CHICAGO–The European Tarceva (erlotinib) versus Chemotherapy (EURTAC) study, the first prospective analysis of an EGFR tyrosine-kinase inhibitor vs. chemotherapy (CT) for the first-line treatment of patients with EGFR mutation-positive non-small cell lung cancer (NSCLC), met its primary endpoint of improved progression-free survival (PFS), demonstrating a 63% reduction in risk of progression or death, investigators reported at the American Society of Clinical Oncology’s 2011 Annual Meeting. Additionally, erlotinib had acceptable toxicity compared with platinum-based chemotherapy.

EGFR tyrosine kinase activating mutations are present in 10–26% of NSCLC tumors and are associated with increased response to gefitinib and erlotinib. However, little is known about how the efficacy and safety profile of erlotinib compares with CT in Caucasian patients with EGFR mutations.

Rafael Rosell, MD, PhD, from the Spanish Lung Cancer Group; Catalan Institute of Oncology, Barcelona, Spain, and colleagues, performed a prospective, randomized Phase 3 study comparing erlotinib 150mg/day with platinum-based CT in chemonaive patients with stage IIIb/IV NSCLC and EGFR mutations. From February 2007 to January 2011, the investigators screened 1,227 patients for EGFR mutations, and 174 patients with EGFR exon 19 deletion or exon 21 L858R mutation were randomly assigned to receive erlotinib or platinum-based CT. The primary endpoint was PFS and secondary endpoints included response, overall survival (OS) and toxicity profiles.

Of the 174 randomized patients, 153 (erlotinib [n=86], CT [n=87]) were evaluable for the updated analysis. Patient characteristics were comparable between the erlotinib and CT arms: males 33% vs. 22%, median age 65 years vs. 65 years, never smokers 66% vs. 67%, performance status (PS) 0 31% vs. 34%, PS 1 55% vs. 52%, and EGFR mutation type, exon 19 deletion, 66% vs. 67%, and L858R mutation, 34% vs. 33%, respectively.

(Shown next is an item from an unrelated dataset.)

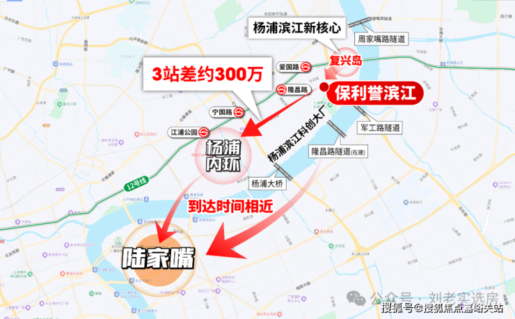 意味未来在复兴岛工作的大量人群,无法在岛内实现居住需求,必须向外寻求高品质住宅——而保利誉滨江,正是杨浦滨江所有新盘中距离复兴岛最近的项目(直线复兴岛约300米),自然成为复兴岛居住需求外溢的“第一站”。
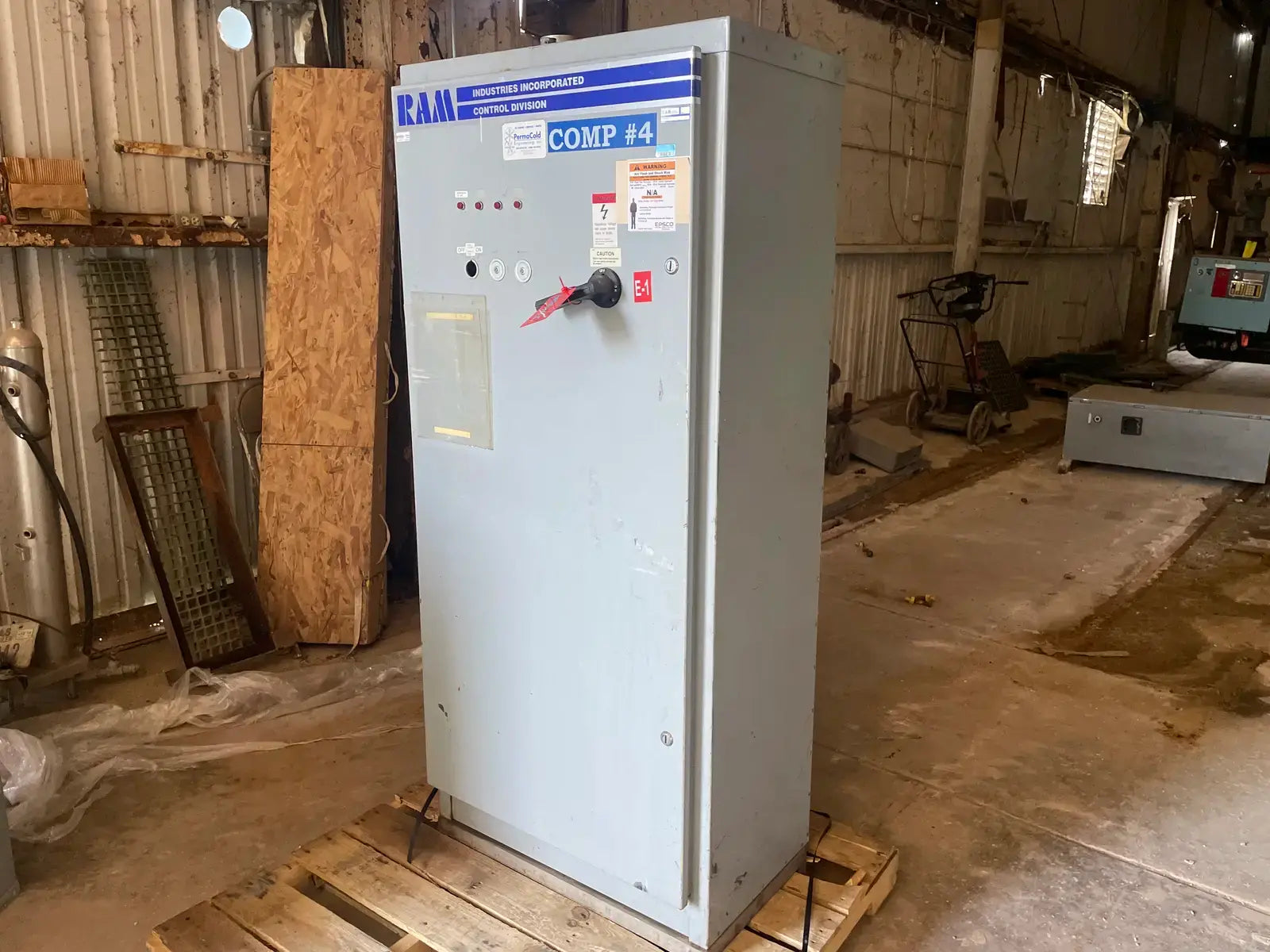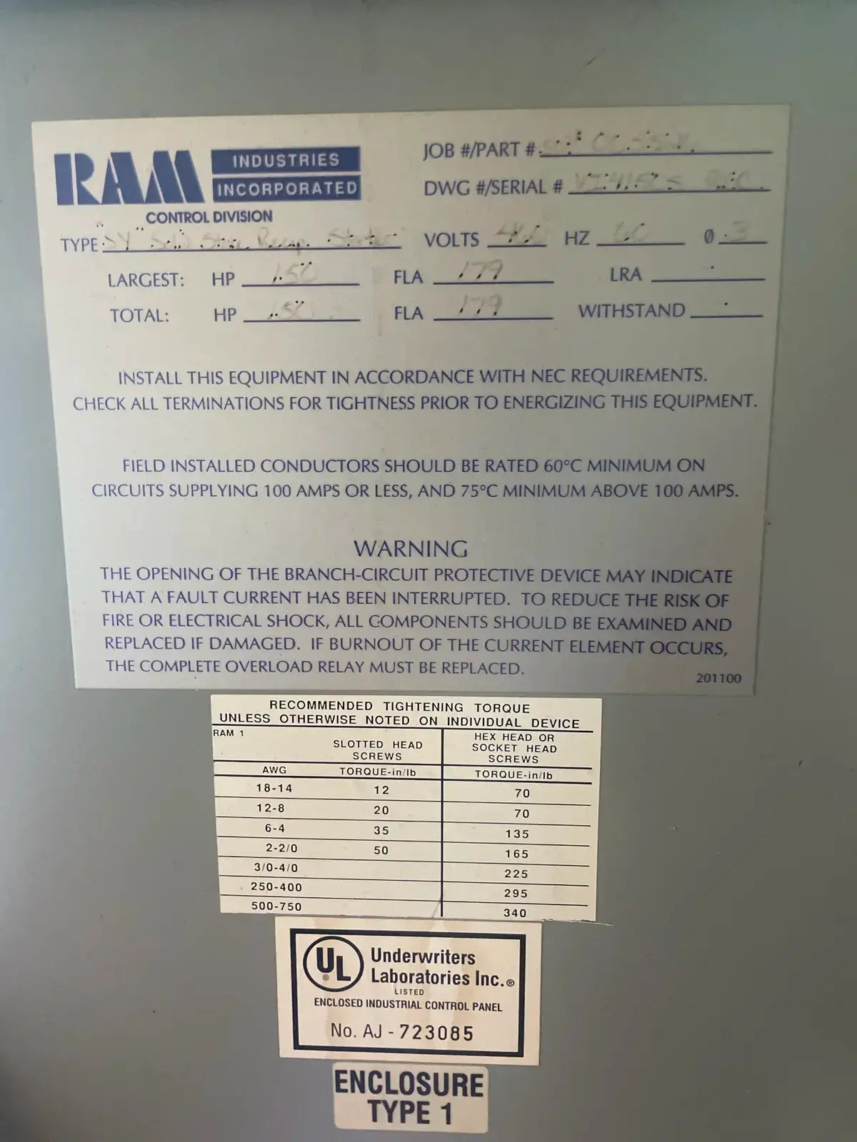 Arrancador de motor de Ram Industries. DWG/Serie: VI4150S REC. Fuente de alimentación: 460 voltios, Hz: 60, Ph: 3. Fuente de alimentación del motor más grande: Hp: 150, FLA: 179. Fuente de alimentación total: 150 HP, FLA: 179.

Response rate was 15% in the CT arm vs. 58% in the erlotinib arm (P<0.0001), Dr. Rosell and colleagues reported; PFS was 5.2 months and 9.7 months, respectively (HR=0.37; P<0.0001). At an interim analysis, OS was 18.8 months in the CT arm and 22.9 months in the erlotinib arm (HR=0.80; P=0.42).

Dr. Rosell et al. conclude that erlotinib demonstrated better response rates and PFS in the EURTAC study.